Interview With Kay Ryan
Kay Ryan read at the Katonah Poetry Series on 5/13/2012.
Kay Ryan talks to Andy Kuhn
Andy Kuhn: You grew up in the San Joaquin Valley, in California, which you once memorably described as “glamour-free, ocean-free, hot, stinky, oil-rich, potato-rich.” And you’ve spoken elsewhere of your dad as an oil-well driller and a dreamer whose ship never quite came in. I understand that soon after he died you first started writing poetry–when you were nineteen?
Kay Ryan: Well, yes, I guess the shock of his death required better words.
AK: Did you pretty much keep writing steadily after that?
KR: I was very reluctant, I was truly, truly of two minds. There was one mind which was completely engaged in learning the craft of writing poetry, and was really not ever going to be satisfied with anything else, but there was another mind that absolutely didn’t want to be something that was as embarrassing and laughable as a poet. So I was truly resisting my calling, and I did resist until I was thirty. I dabbled, but I made sure that my poems were only funny, or only clever. It just took me a long time to agree to this enterprise.
AK: You’ve talked about the poets who you call the “talking-back poets,” about how “they get much of their energy from disagreeing or taking exception.” You put Robert Frost at the top of the list.
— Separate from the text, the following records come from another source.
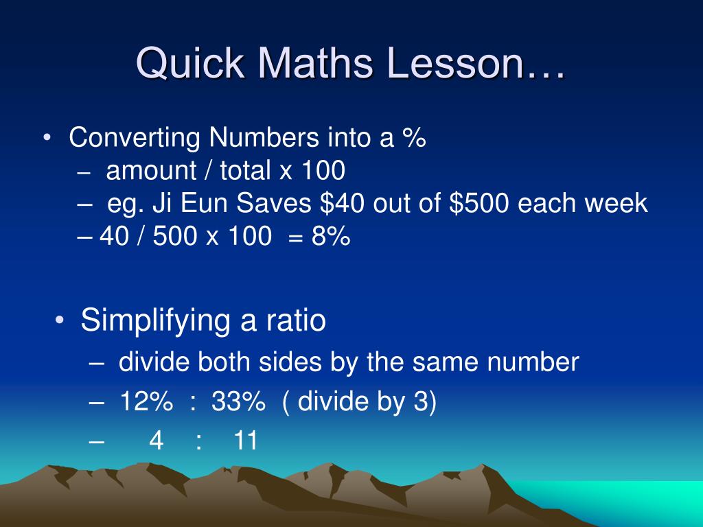 Quick Maths Lesson… • Converting Numbers into a % • amount / total x 100 • eg. Ji Eun Saves $40 out of $500 each week • 40 / 500 x 100 = 8% • Simplifying a ratio • divide both sides by the same number • 12% : 33% ( divide by 3) • 4 : 11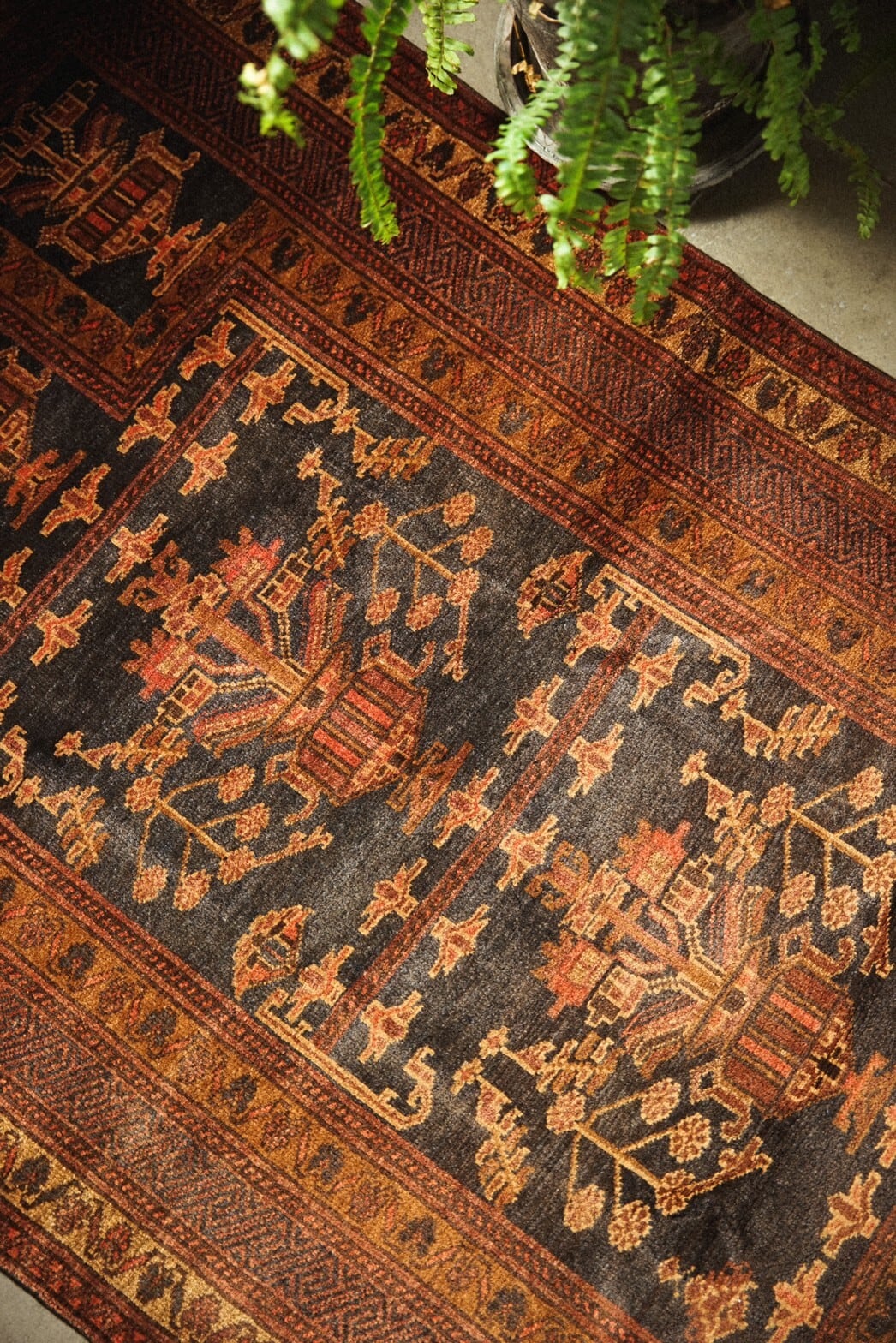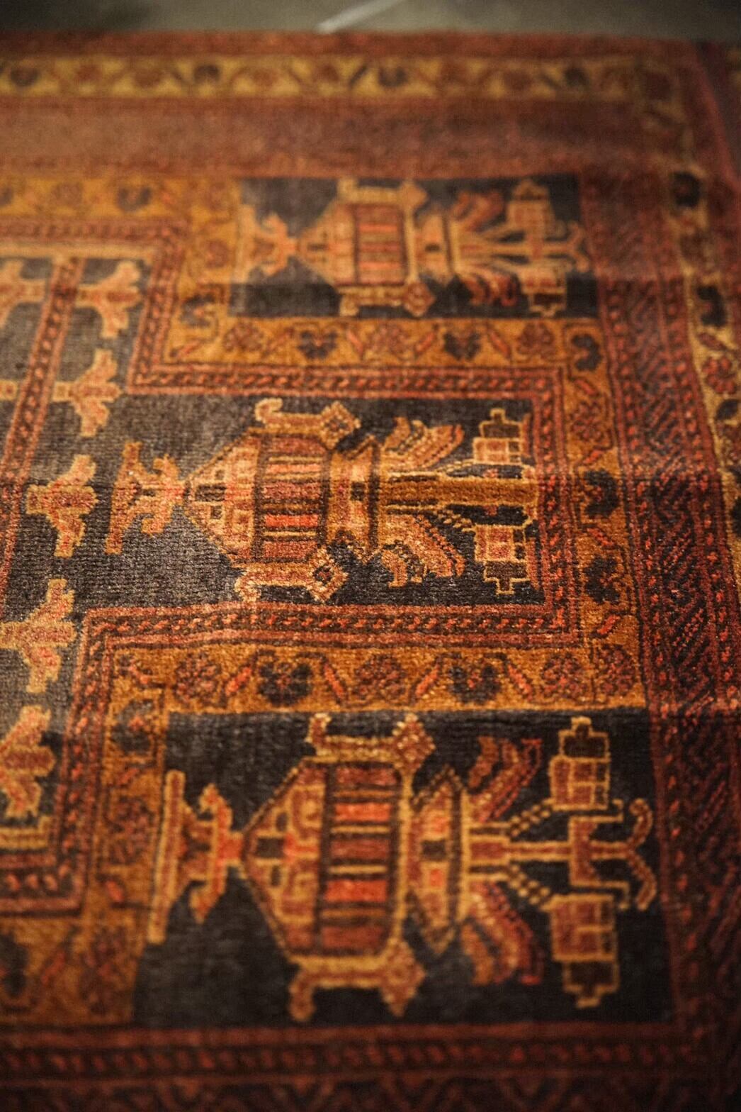 気品を感じるデザインと艶感のあるレンガ色の美しい色合いのバルーチラグ。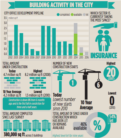 However, over three million square feet of demolition is underway as developers who shelved their schemes in the aftermath of the financial crisis return to their projects. A further 4.7m square feet is under construction in the City.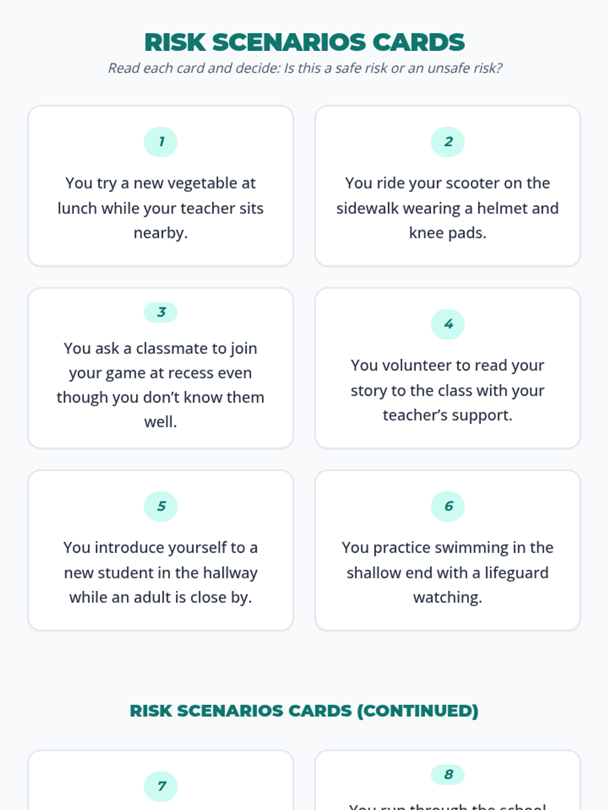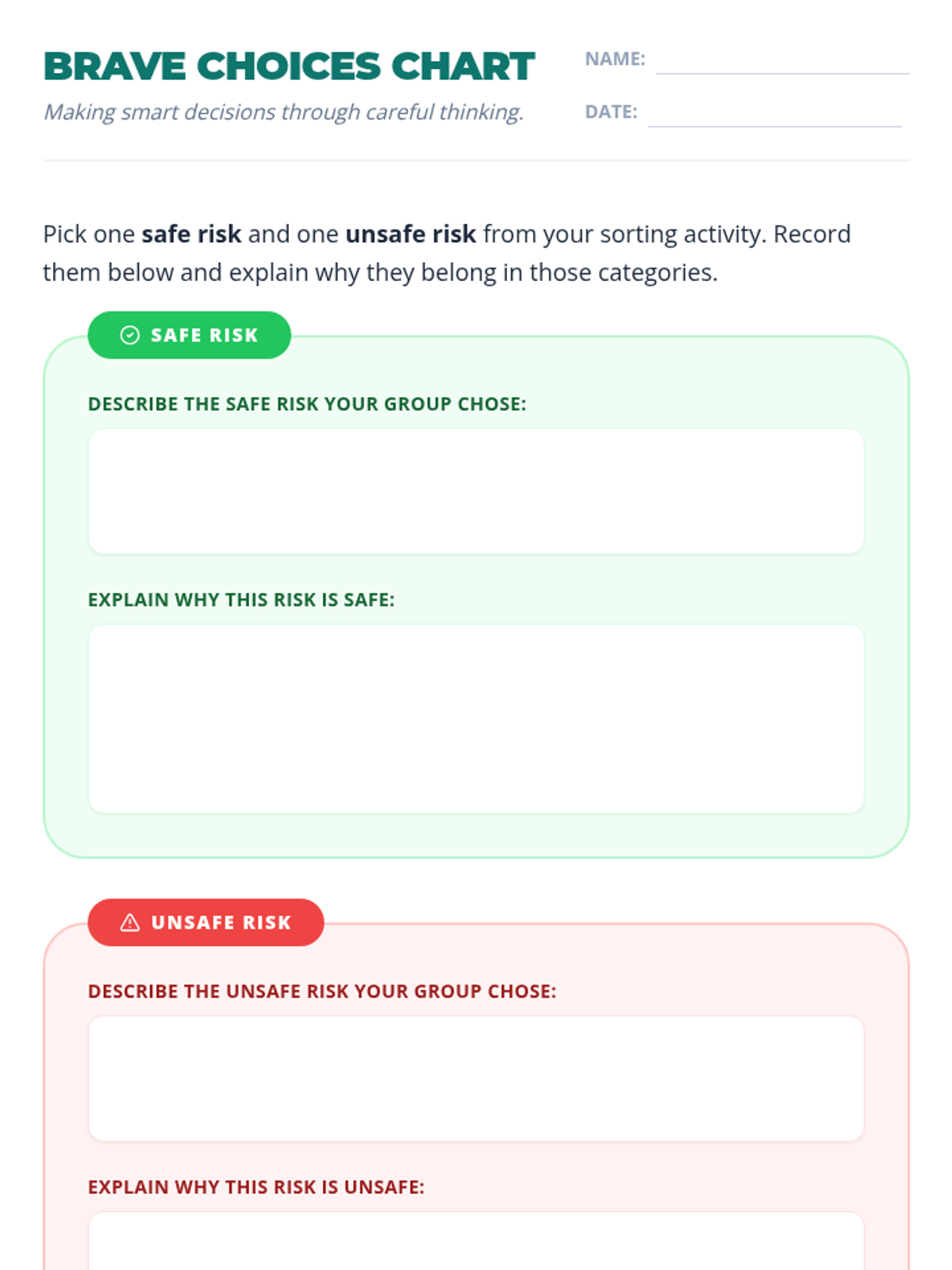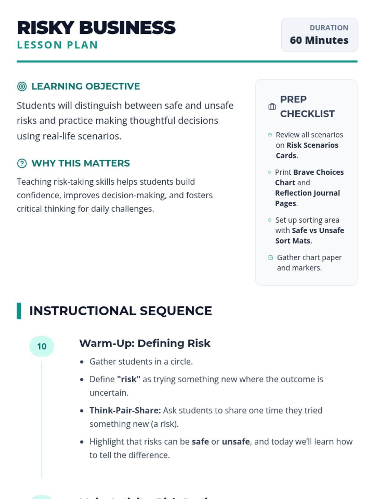 In this 60-minute lesson, 3rd graders explore what it means to take risks, distinguish between safe and unsafe risks, and learn strategies to make brave, informed decisions.

KR: Oh yeah. Emily Dickinson’s another one, giant talking-back poet.
AK: Who did you start out talking back to, and who are you talking back to these days?
KR: All the smart guys. And talking back doesn’t necessarily mean disagreeing, but it might mean picking out a line or two . . . . Somebody I’ve been reading a lot recently is Montaigne. I’m a late-life convert to Montaigne. I’ve been reading Walter Benjamin. I love to read Milan Kundera—his essays though, not his fiction. And I love to read Calvino, his essays. I had a giant jag for many years reading Nabokov. Brodsky—oh, lots of fun with Brodsky. Essays, again.